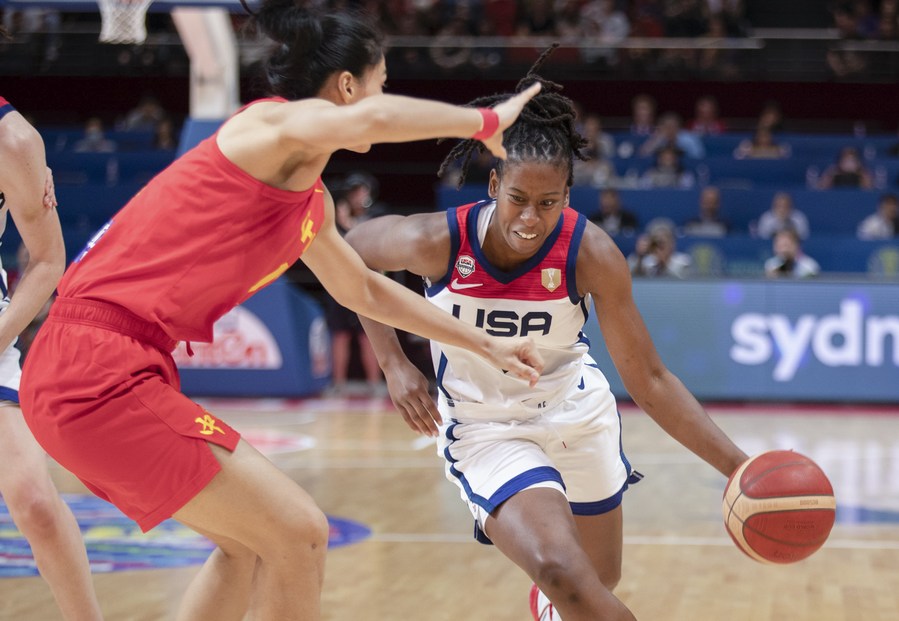 Shakira Austin (R) of the United States drives the ball during a Group A match against China at the FIBA Women's Basketball World Cup 2022 in Sydney, Australia, Sept. 24, 2022. (Photo by Hu Jingchen/Xinhua)
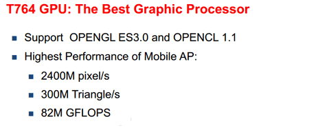此外,为了让有助于实现更快的新产品上市时间,ARM还为所有基于三代Midgard架构的Mali GPU提供一整套兼容的驱动程序,可最大限度地减少了软件升级费用。ARM Mali-T764 GPU支持众多的图形和计算API,包括DirectX 11.1 Feature_Level_11(基本就是DX11)、OpenGL ES 1.1/2.0/3.0、OpenCL 1.1。支持全面的API自然也带来了图形性能上的新提升,比如对OpenGL ES 3.0规范的支持,带来最明显的优点就是提升Android设备的硬件加速2D渲染性能,这意味着今后Android智能设备的UI界面及APP应用会更流畅。
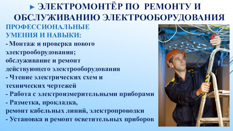 ЭЛЕКТРОМОНТЁР ПО РЕМОНТУ И ОБСЛУЖИВАНИЮ ЭЛЕКТРООБОРУДОВАНИЯ
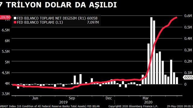 Fed'in bilanço büyüklüğü geçen hafta hafifçe artarak, önceki haftanın seviyesi olan 7.04 trilyon dolardan 7.1 trilyon dolara yükseldi. Bu, koronavirüs sürecindeki en düşük hızdaki haftalık bilanço artışı oldu. Bu artışın önemli kısmı, özel sektör tahvil alımlarını kapsayan acil kredi programlarındaki 33 milyar dolarlık artıştan geldi.
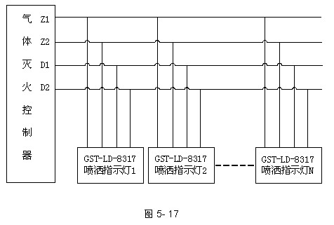 噴灑燈與氣體滅火控制器的總線和電源DC24V相連,實現(xiàn)噴灑噴灑功能。具體連接方法如圖5-17所示。
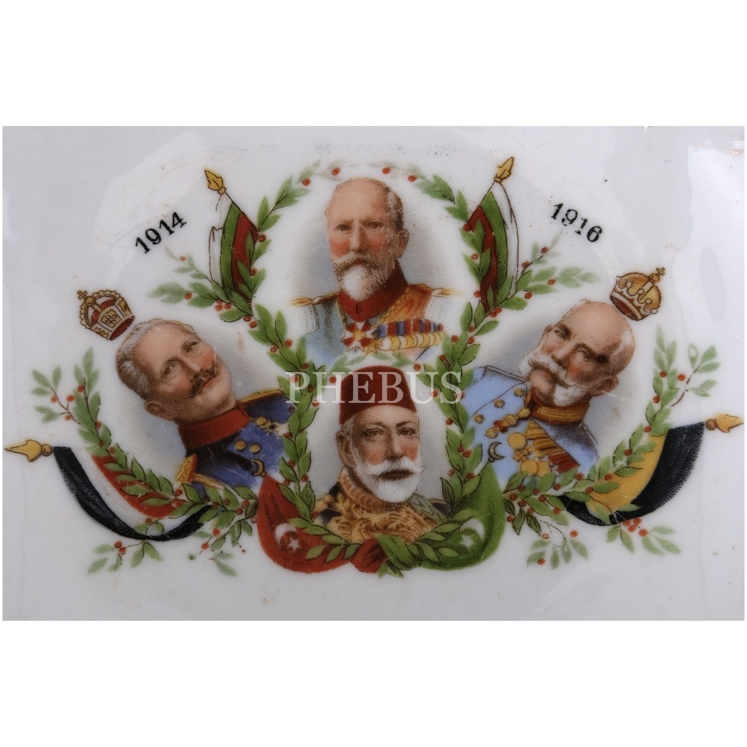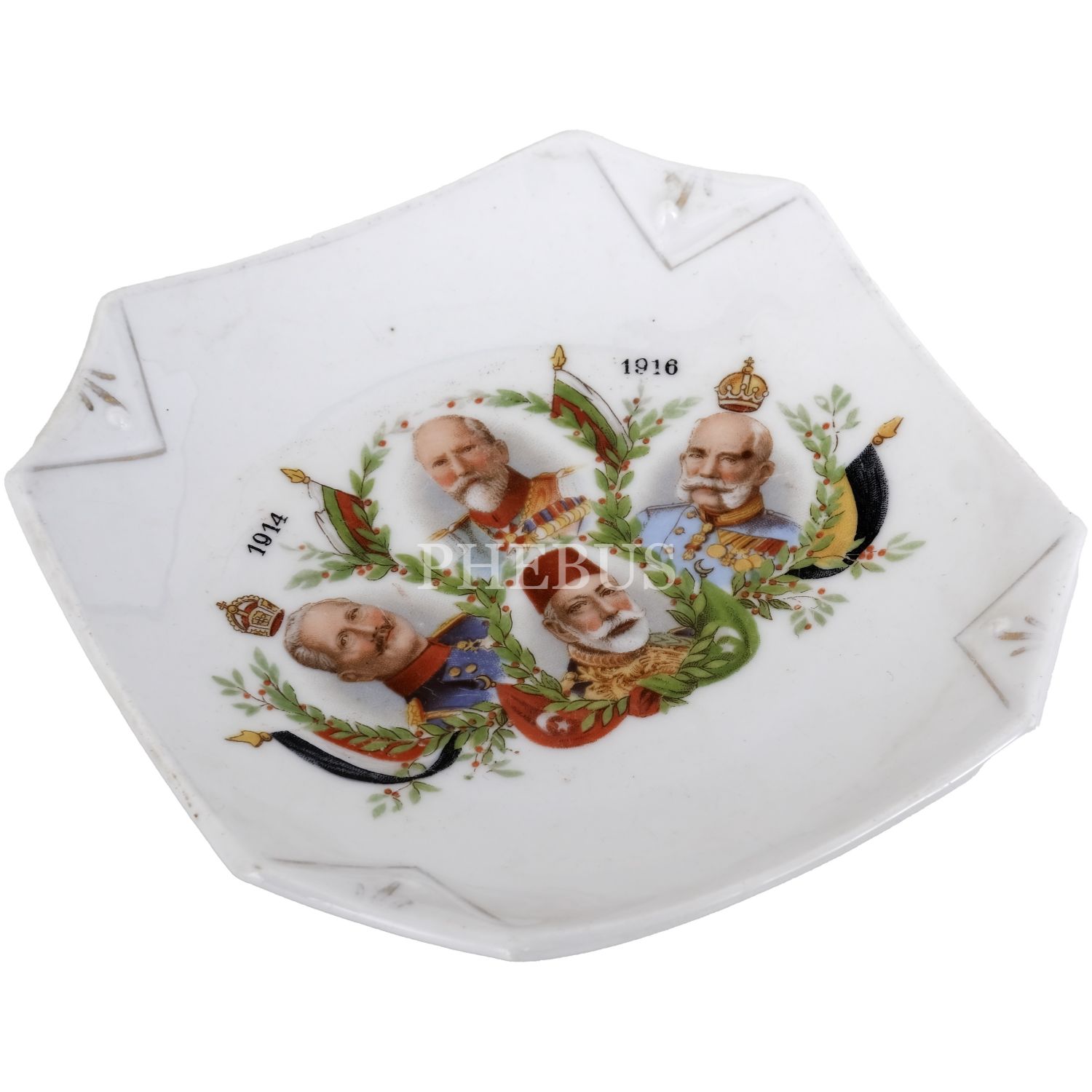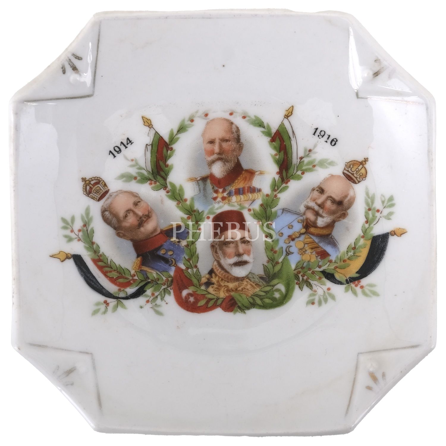 Birinci Dünya Savaşı yıllarından, merkezinde İttifak liderlerinin portre resimlerinin yer aldığı, "1914-1916” yazılı porselen küllük, 13,5x13,5 cm...
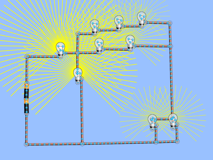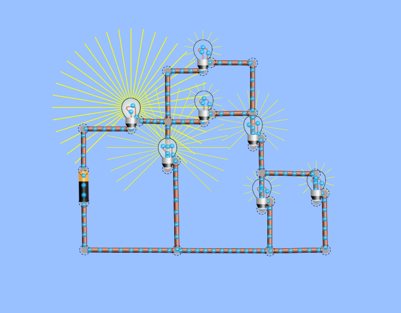 Rangkaian seri itu rangkaian yang semua komponennya tersambung dalam satu jalur, jadi kalau satu putus semuanya mati.
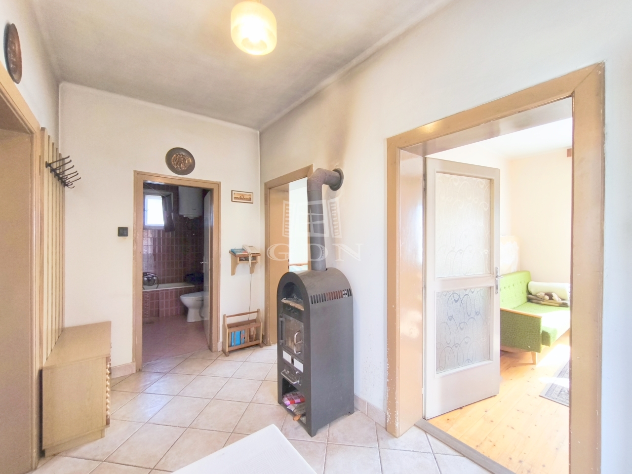 A fűtés jelenleg fa tüzeléssel megoldott, a melegvízellátásról villanybojler gondoskodik.
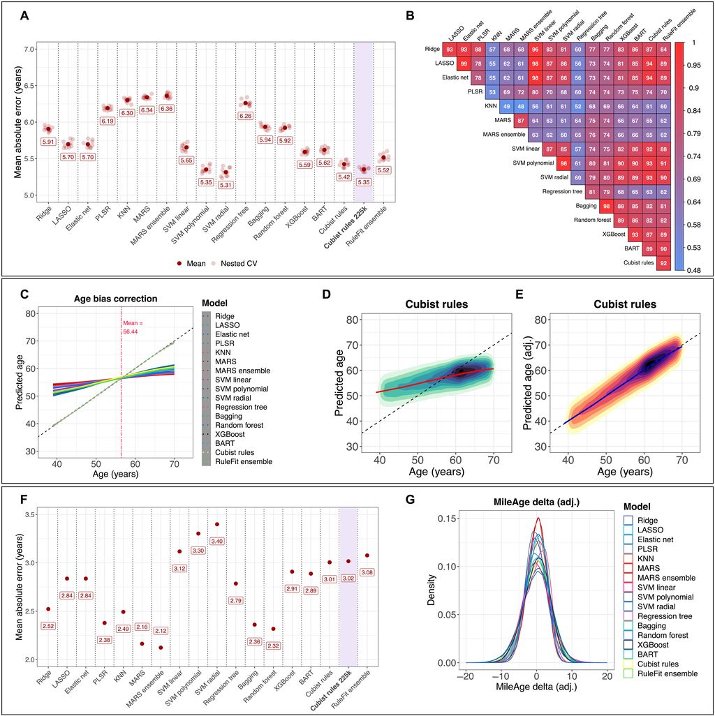 研究使用了英国生物样本库超过 22.5 万名参与者的血液标记数据,这些参与者在招募时的年龄在 40 至 69 岁之间,训练和测试了 17 种机器学习算法,发现非线性机器学习算法,特别是 Cubist 回归模型,表现最为出色。

--- --- ---

Write out again every line above exactly as given; the pictures do not belong in the copy.

 Shakira Austin (R) of the United States drives the ball during a Group A match against China at the FIBA Women's Basketball World Cup 2022 in Sydney, Australia, Sept. 24, 2022. (Photo by Hu Jingchen/Xinhua)
此外,为了让有助于实现更快的新产品上市时间,ARM还为所有基于三代Midgard架构的Mali GPU提供一整套兼容的驱动程序,可最大限度地减少了软件升级费用。ARM Mali-T764 GPU支持众多的图形和计算API,包括DirectX 11.1 Feature_Level_11(基本就是DX11)、OpenGL ES 1.1/2.0/3.0、OpenCL 1.1。支持全面的API自然也带来了图形性能上的新提升,比如对OpenGL ES 3.0规范的支持,带来最明显的优点就是提升Android设备的硬件加速2D渲染性能,这意味着今后Android智能设备的UI界面及APP应用会更流畅。
 ЭЛЕКТРОМОНТЁР ПО РЕМОНТУ И ОБСЛУЖИВАНИЮ ЭЛЕКТРООБОРУДОВАНИЯ
 Fed'in bilanço büyüklüğü geçen hafta hafifçe artarak, önceki haftanın seviyesi olan 7.04 trilyon dolardan 7.1 trilyon dolara yükseldi. Bu, koronavirüs sürecindeki en düşük hızdaki haftalık bilanço artışı oldu. Bu artışın önemli kısmı, özel sektör tahvil alımlarını kapsayan acil kredi programlarındaki 33 milyar dolarlık artıştan geldi.
 噴灑燈與氣體滅火控制器的總線和電源DC24V相連,實現(xiàn)噴灑噴灑功能。具體連接方法如圖5-17所示。
 Birinci Dünya Savaşı yıllarından, merkezinde İttifak liderlerinin portre resimlerinin yer aldığı, "1914-1916” yazılı porselen küllük, 13,5x13,5 cm...
 Rangkaian seri itu rangkaian yang semua komponennya tersambung dalam satu jalur, jadi kalau satu putus semuanya mati.
 A fűtés jelenleg fa tüzeléssel megoldott, a melegvízellátásról villanybojler gondoskodik.
 研究使用了英国生物样本库超过 22.5 万名参与者的血液标记数据,这些参与者在招募时的年龄在 40 至 69 岁之间,训练和测试了 17 种机器学习算法,发现非线性机器学习算法,特别是 Cubist 回归模型,表现最为出色。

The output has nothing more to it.